STORED DATA:
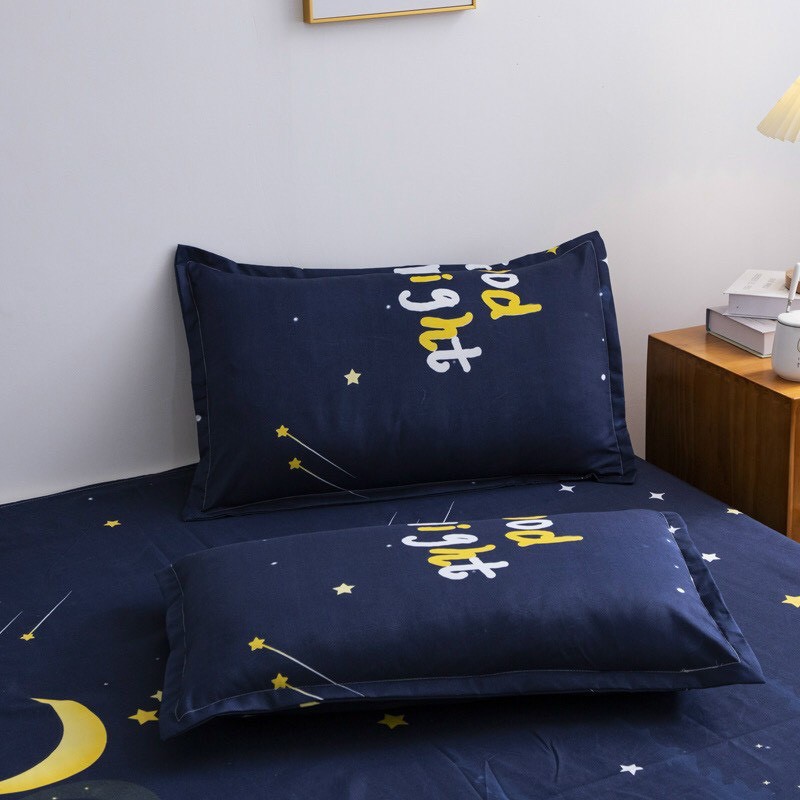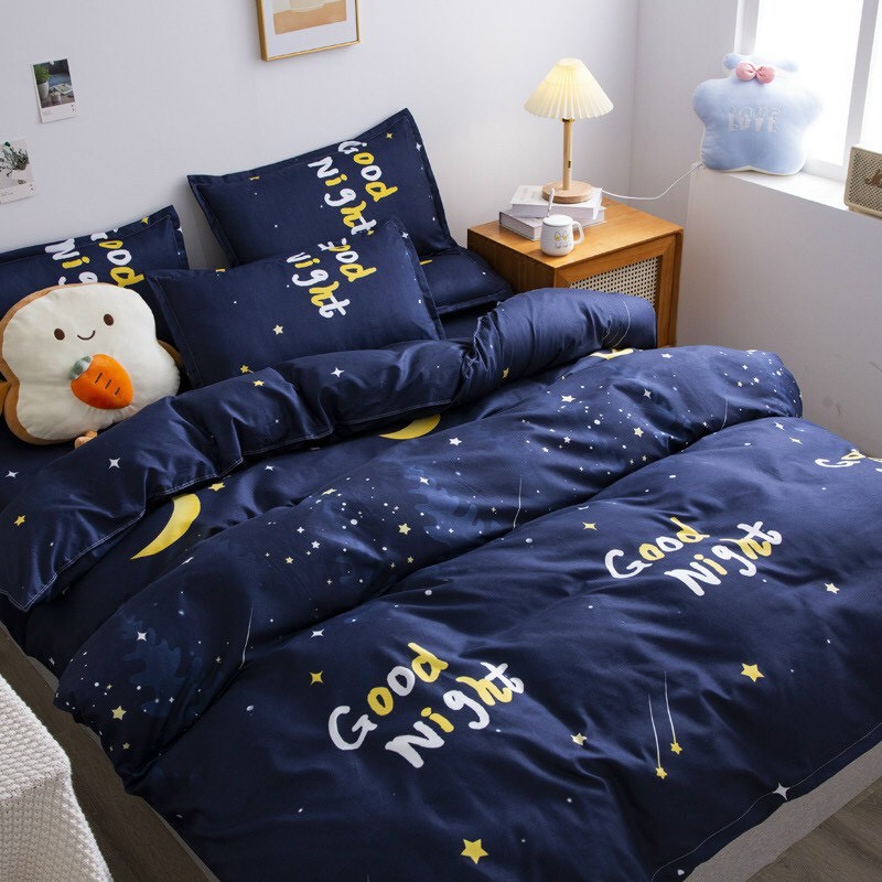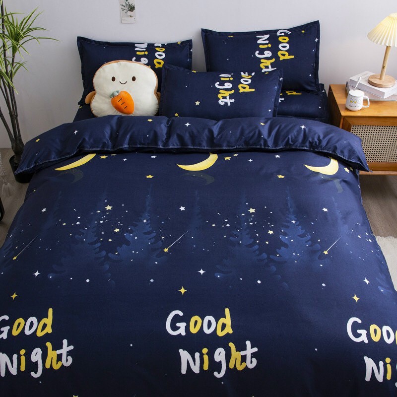 Trọn Bộ 4 Món Chăn Ga Gối Cotton Poly Nhập Mẫu MẶT TRĂNG GOODNIGHT Dành Cho Gia Đình Bạn( đủ kích thước)
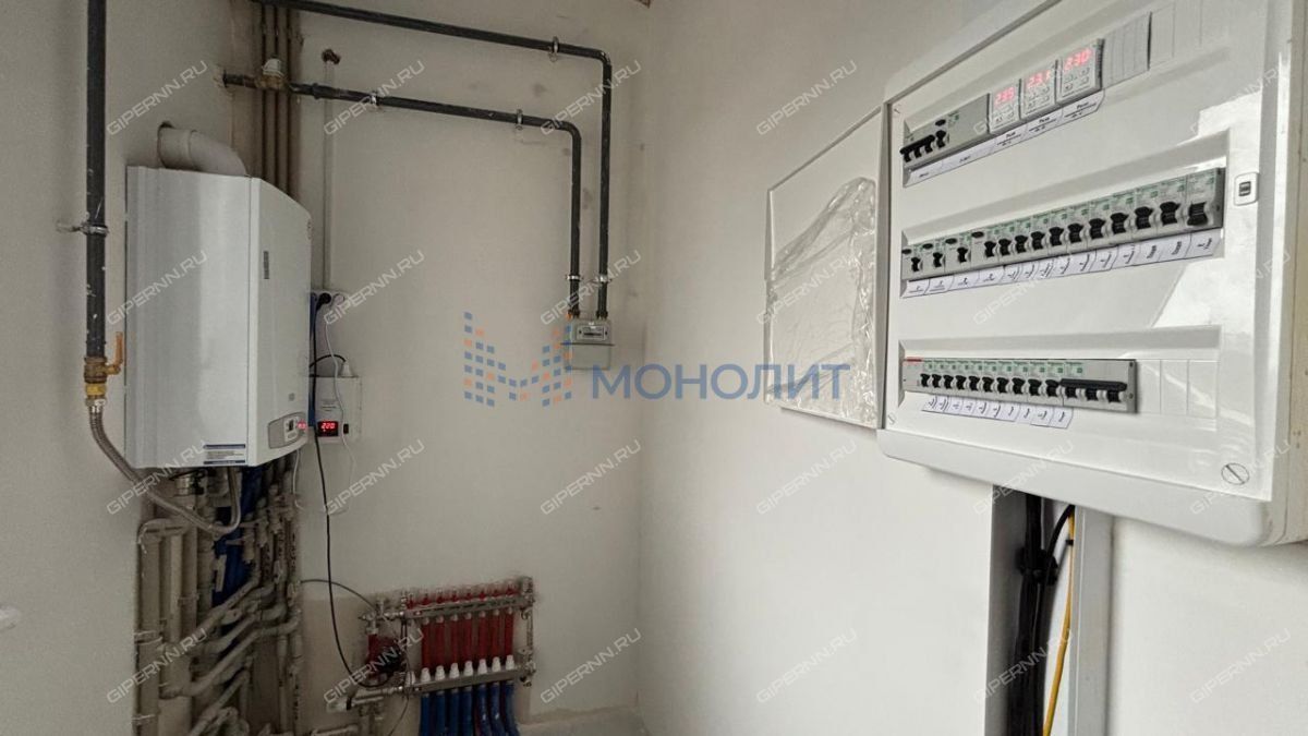 -отопление - газовый котёл, двухконтурный с закрытой камерой (ВАХI еко-4s, 24 кВт), с выносной панелью и управлением через телефон (Zоnt, расширенная версия); водяные тёплые полы по периметру 1-го этажа(кроме спальни) и в с/у 2-го этажа, выполнены из сшитого полиэтилена марки (Веrrgеr), установлены стальные панельные радиаторы (Веrrgеr);
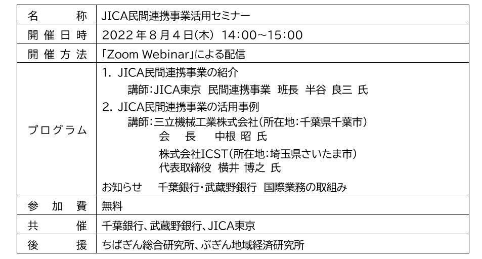 千葉銀行(頭取 米本 努)は、武蔵野銀行(頭取 長堀 和正)との業務提携「千葉・武蔵野アライアンス」に基づく提携施策として、2022年8月4日(木)、独立行政法人国際協力機構(以下、JICA)が実施している民間連携事業や海外進出に関心のある事業者を対象としたオンラインセミナー「JICA民間連携事業活用セミナー」を開催します。

TASK STATEMENT: Copy each line above precisely, dropping the pictures.

REPLY TO THE EXERCISE:
 Trọn Bộ 4 Món Chăn Ga Gối Cotton Poly Nhập Mẫu MẶT TRĂNG GOODNIGHT Dành Cho Gia Đình Bạn( đủ kích thước)
 -отопление - газовый котёл, двухконтурный с закрытой камерой (ВАХI еко-4s, 24 кВт), с выносной панелью и управлением через телефон (Zоnt, расширенная версия); водяные тёплые полы по периметру 1-го этажа(кроме спальни) и в с/у 2-го этажа, выполнены из сшитого полиэтилена марки (Веrrgеr), установлены стальные панельные радиаторы (Веrrgеr);
 千葉銀行(頭取 米本 努)は、武蔵野銀行(頭取 長堀 和正)との業務提携「千葉・武蔵野アライアンス」に基づく提携施策として、2022年8月4日(木)、独立行政法人国際協力機構(以下、JICA)が実施している民間連携事業や海外進出に関心のある事業者を対象としたオンラインセミナー「JICA民間連携事業活用セミナー」を開催します。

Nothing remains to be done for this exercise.